Breakdown of the Einstein's Equivalence Principle for a quantum body

TL;DR

This paper explores the theoretical breakdown of Einstein's Equivalence Principle in certain quantum superpositions of hydrogen atoms, showing that passive gravitational mass may not equal energy divided by c^2 in these cases.

Contribution

It introduces the concept of quantum ensembles, called Gravitational demons, where the equivalence principle is violated, expanding understanding of gravity's interaction with quantum states.

Findings

Most quantum ensembles obey Einstein's Equivalence Principle.

Superpositions of quantum states can break the equivalence principle.
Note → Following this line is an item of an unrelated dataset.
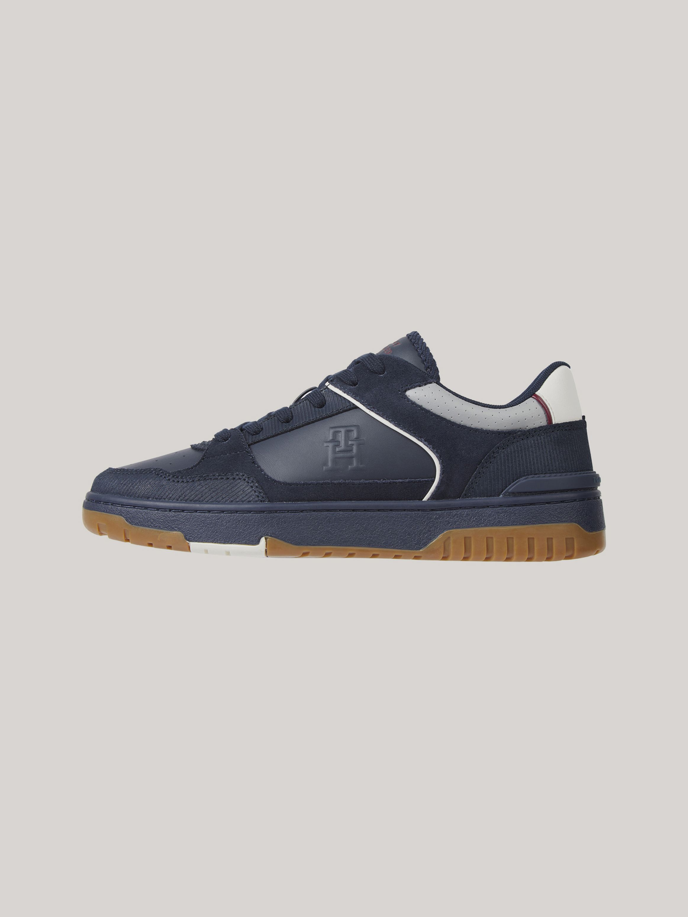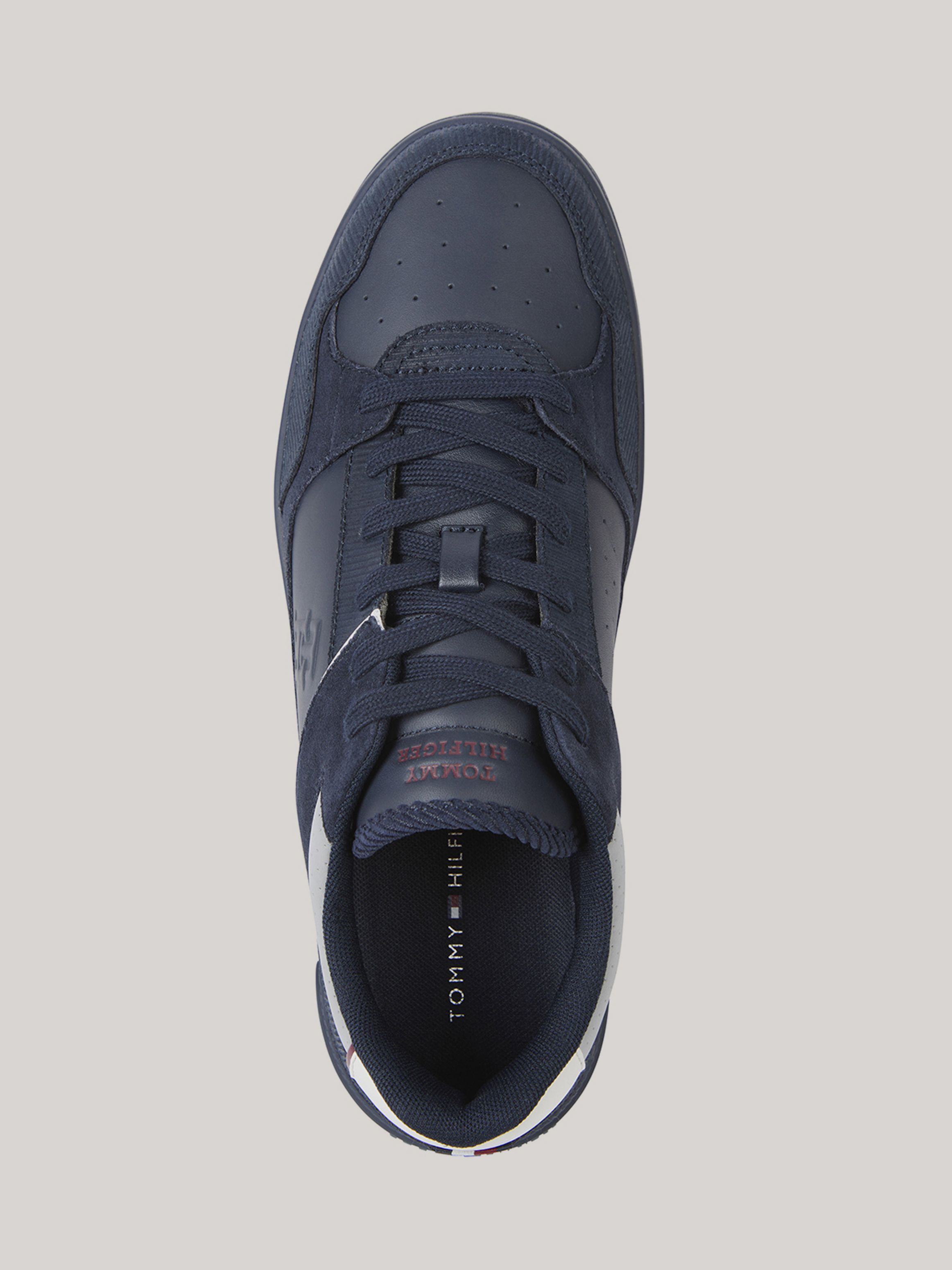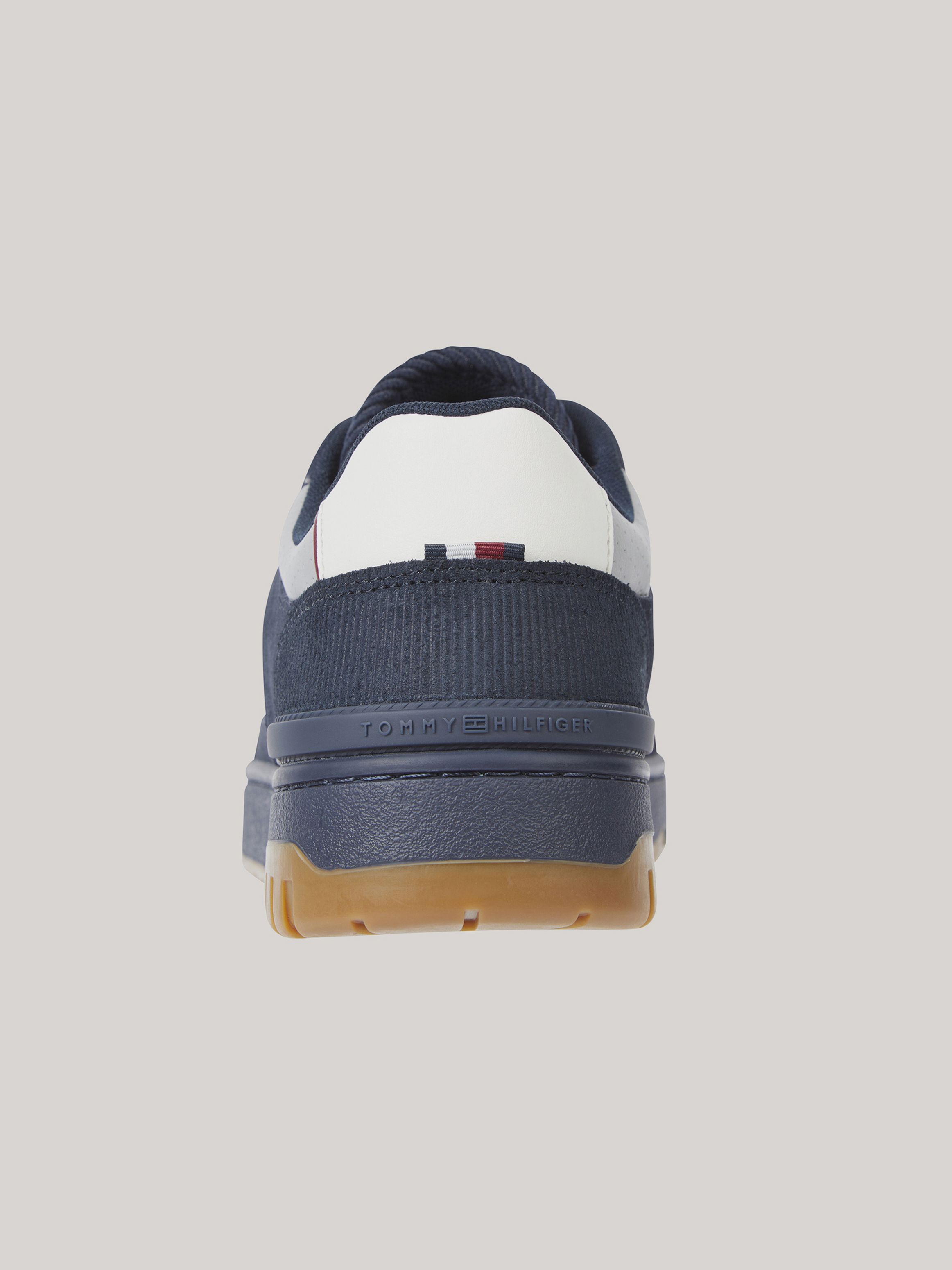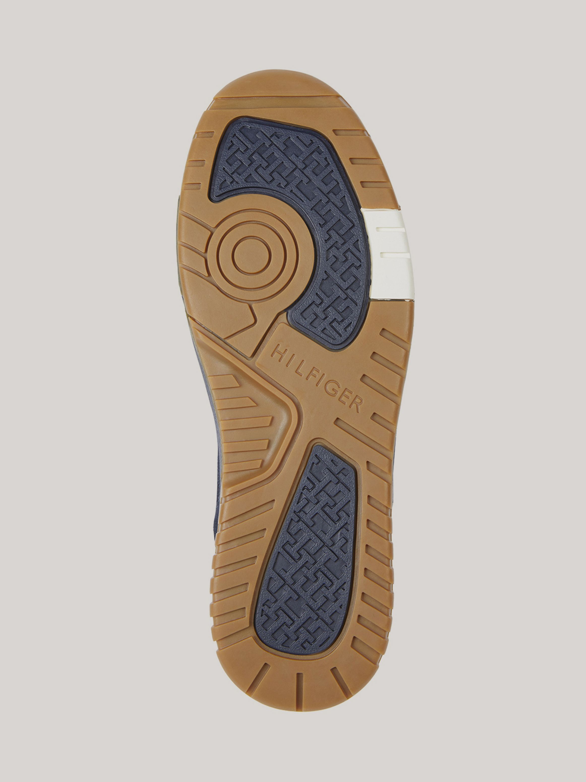 تضيف الأنسجة ذات الملمس الناعم لمسة مميزة على الحذاء السنيكرز بتصميم كرة السلة، كما يتميز بتطريز شعار تومي هيلفيغر والعلامة التجارية على الكعب..

Potential laboratory experiments to test these effects are discussed.

Abstract

We review our recent theoretical results about inequivalence between passive gravitational mass and energy for a composite quantum body at a macroscopic level. In particular, we consider macroscopic ensembles of the simplest composite quantum bodies - hydrogen atoms. Our results are as follows. For the most ensembles, the Einstein's Equivalence Principle is valid. On the other hand, we discuss that for some special quantum ensembles - ensembles of the coherent superpositions of the stationary quantum states in the hydrogen atoms (which we call Gravitational demons) - the Equivalence Principle between passive gravitational mass and energy is broken. We show that, for such superpositions, the expectation values of passive gravitational masses are not related to the expectation values of energies by the famous Einstein's equation, i.e, $m_g \neq \frac{E}{c^2}$. Possible experiments at the Earth's laboratories are briefly discussed, in contrast to the numerous attempts and projects to discover the possible breakdown of the Einstein's Equivalence Principle during the space missions.